Perhaps that's too much info. Perhaps it won't matter to you if your only going to use it for a small amount of time each year. My big question for you would be, how many hours does it have on it now? How much life is left in the motor?

But to be honest, I have purchased generators in the past without asking any of these questions and thankfully have never gotten bitten from my lack of homework. I'd say, if it looks clean and runs good, and they can prove to you that it will handle it's self under a good load (not a cheap drill) for at least 10 minutes then it's probably a keeper. Make sure to do a volt meter test on it while under a load. Make sure it's producing and maintaining the right voltage.

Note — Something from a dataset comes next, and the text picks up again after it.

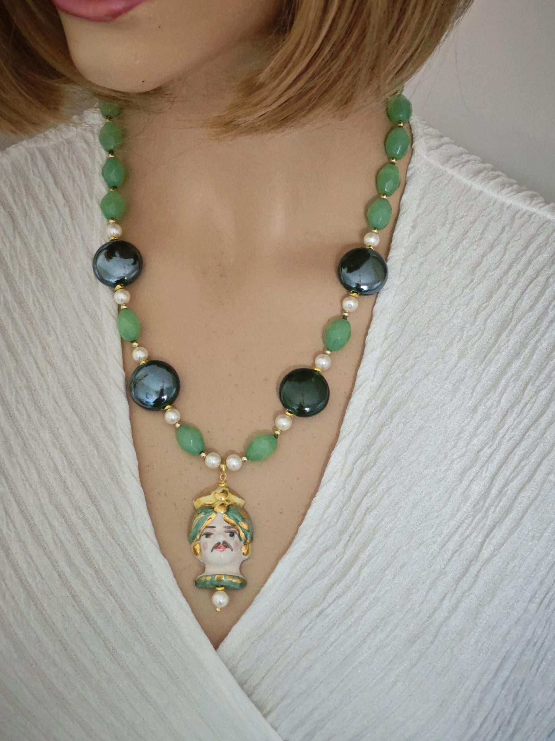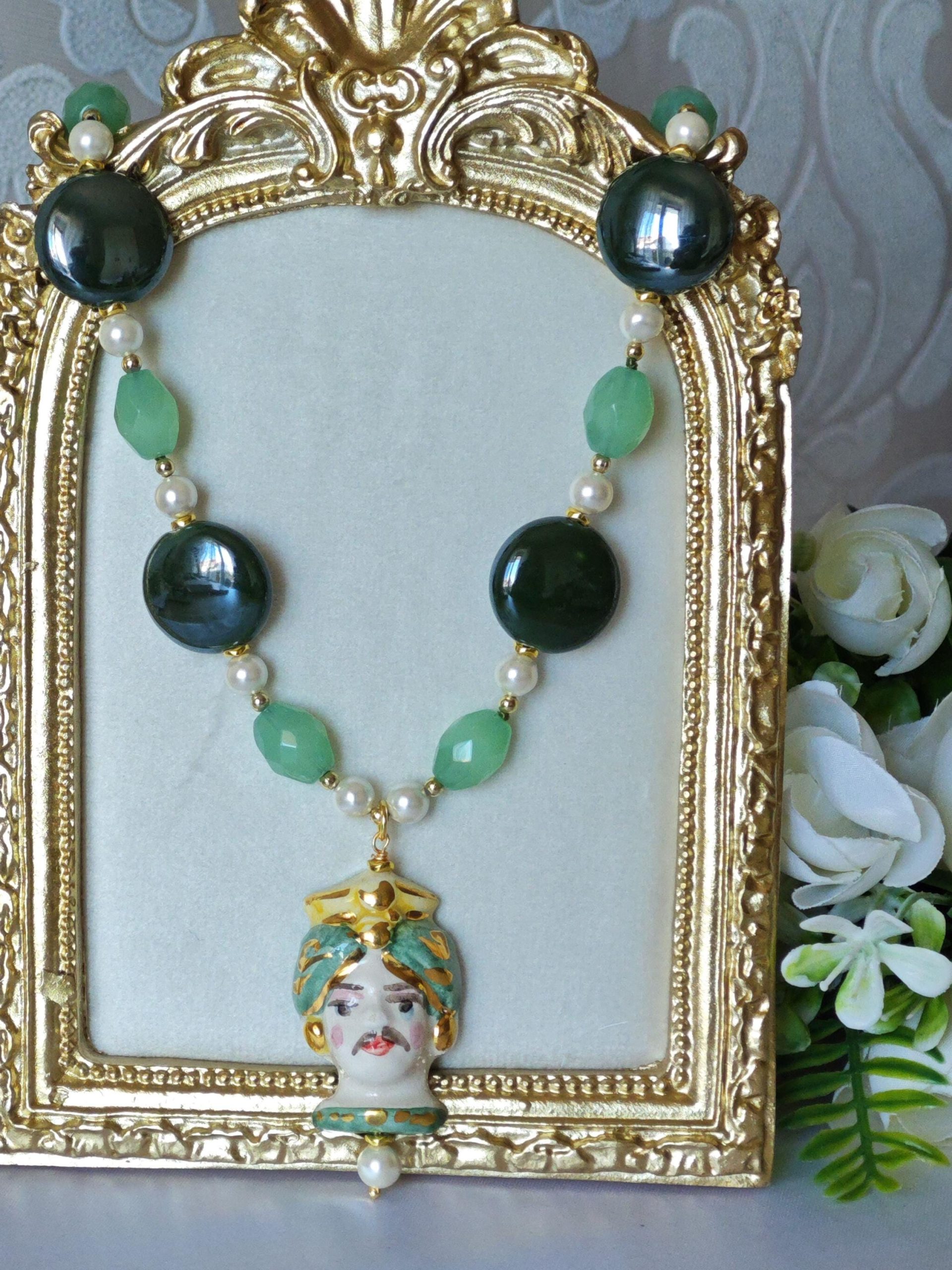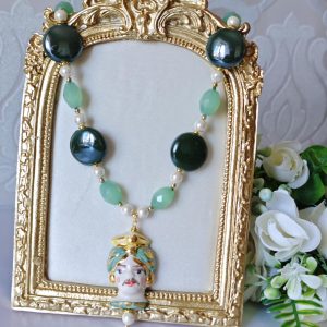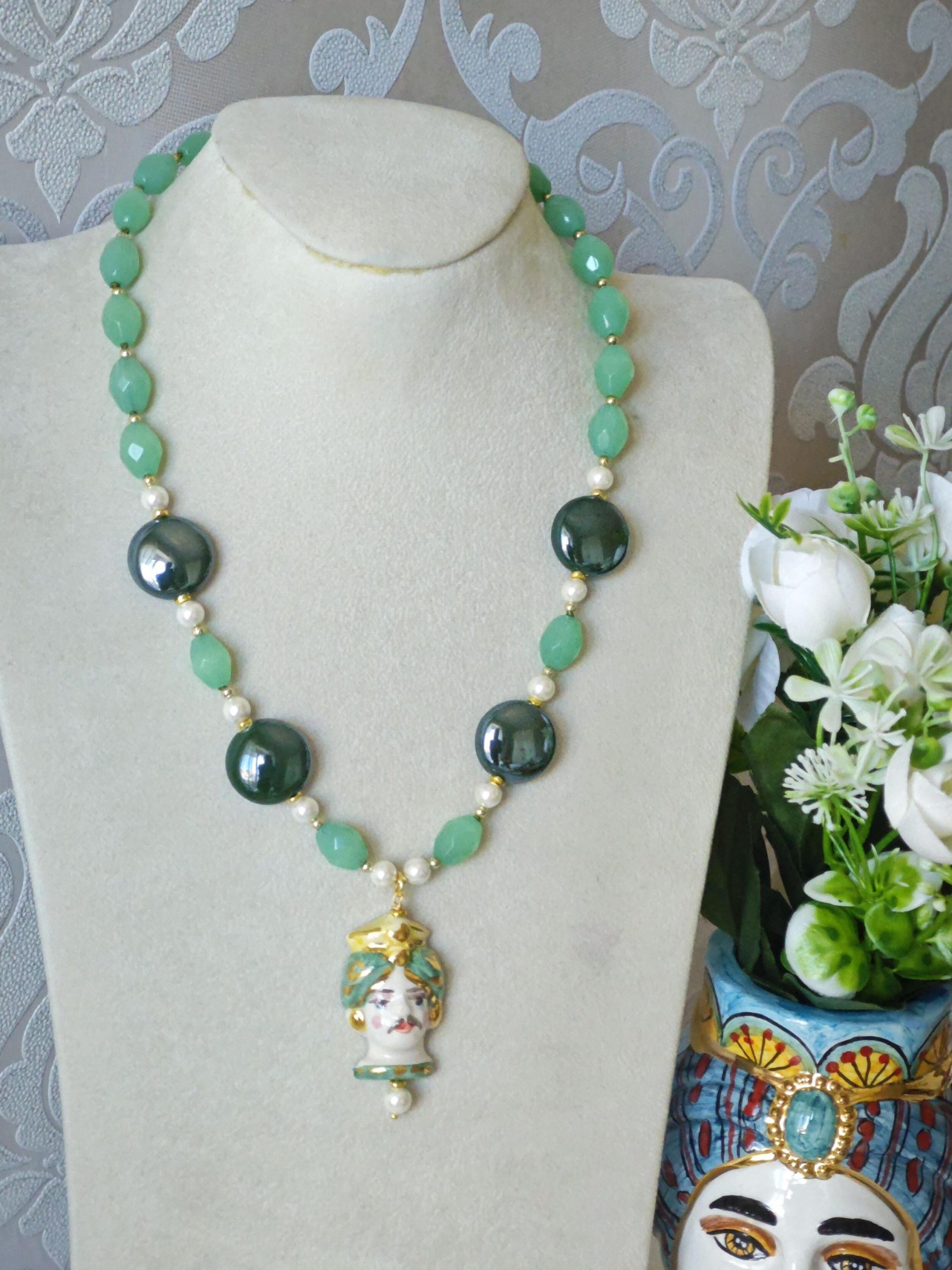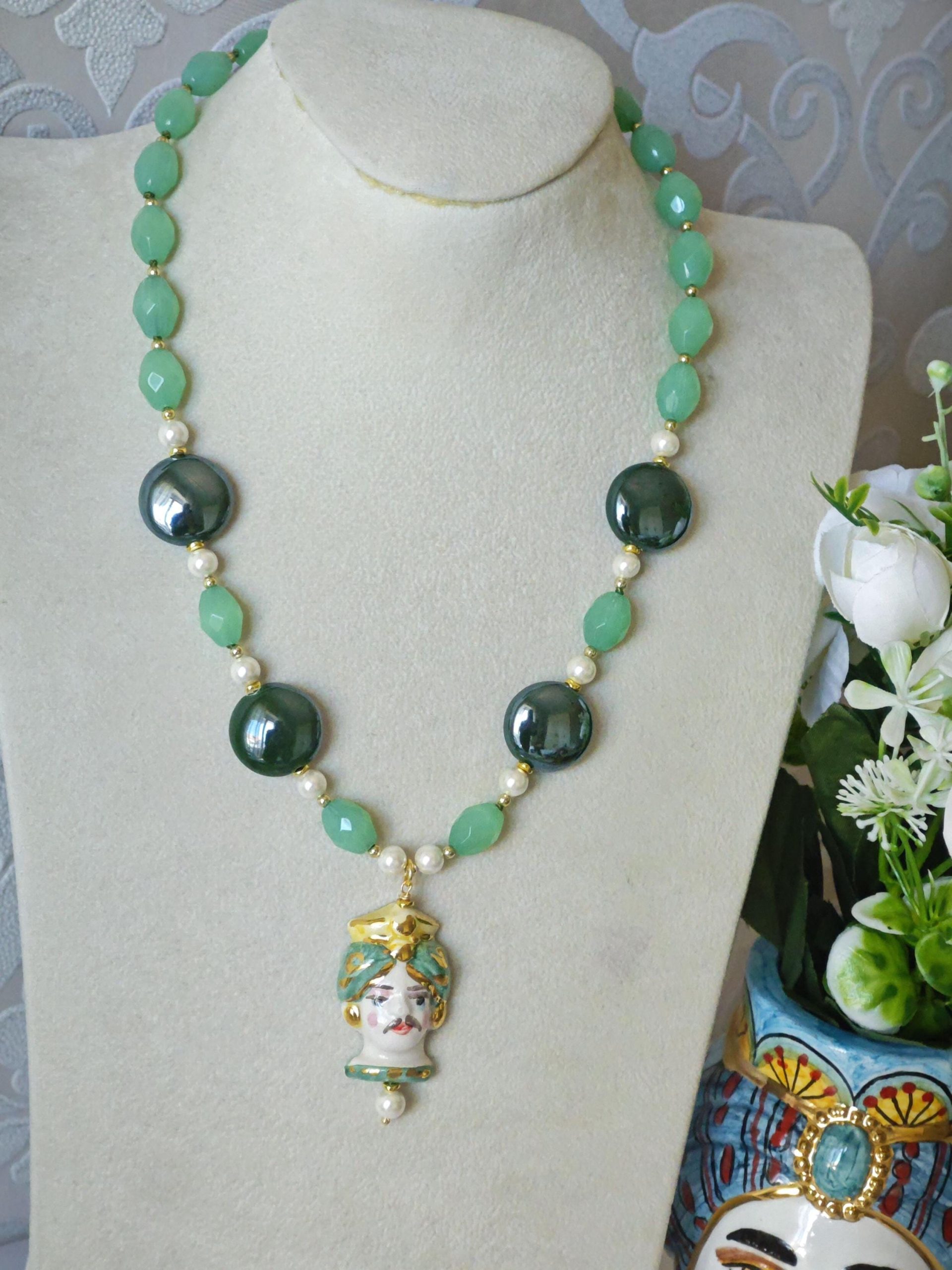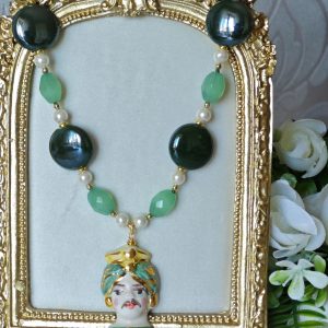 Collana testa di moro in ceramica di Caltagirone con pietre dure quarzo verde , collana siciliana

This is the closest thing I could find to what your talking about.


----------



## Radman (Jul 21, 2017)

thanks for the come back and info, what about the power generating side of these small portables, we have a coleman 5500 we use when the power goes out to save our refridgerators and watch tv, I seem to gather that none of these higher rpm small units are made for the long run and it's making me think thats why so many that still work are on craigslist, maybe experienced people sell them at about fifty hours of use ( harder use) meaning sell for $300.00 and get a new one for $550.00?
Thanks in advance Randy


----------



## exmar (Jun 29, 2015)

"How high is up?"  JMHO, but I have a generac 3750, 12 years old and runs great and has taken us through an outage or three every year. Upgraded to a generac 5500 as I found Lowe's giving away a floor model, so now have two. Buy a decent unit, be rabid about maintenance, particuarly addition of Stabil, etc. to the gas, empty the gas once a year and put in your vehicle and refill. Occasional use of SeaFoam, etc. is good to offset anything the Stabil didn't catch. Ethanol gas is the modern day curse of small engines. If you're in an area that does experience outages and want reliable backup, spend a few bucks, you won't be sorry. Used to like picking up used small engine stuff, now, with ethanol, EPA carbs, etc. Not worth the aggrivation. e.g. Picked up a new Bolens push mower a couple years ago, just to mow around the house and a couple of trees that the big mower couldn't get to. Knew it was a light weight, but figured it would work for 10-15 minutes every time I mow the yard. Gave it away this year, tired of pulling the carb, soaking, blowing out, etc. Bought a real push mower with a real engine.


----------



## Radman (Jul 21, 2017)

I concur on the engine side of the jenny, I'm a motor man and do not suffer on that side of the machine.
any input on the power generating side of the unit I mention in the top of the thread. as far as 10,000 watt units go is the electrical side of this one comparable to others? weaker? all about the same? 
Thanks again Randy


----------



## thehandyman1957 (Feb 11, 2017)

Since there is really no way to know who manufactures the electrical side of this generator, or many others for that matter I would say that it would be comparable. As long as they are true to their #'s.


----------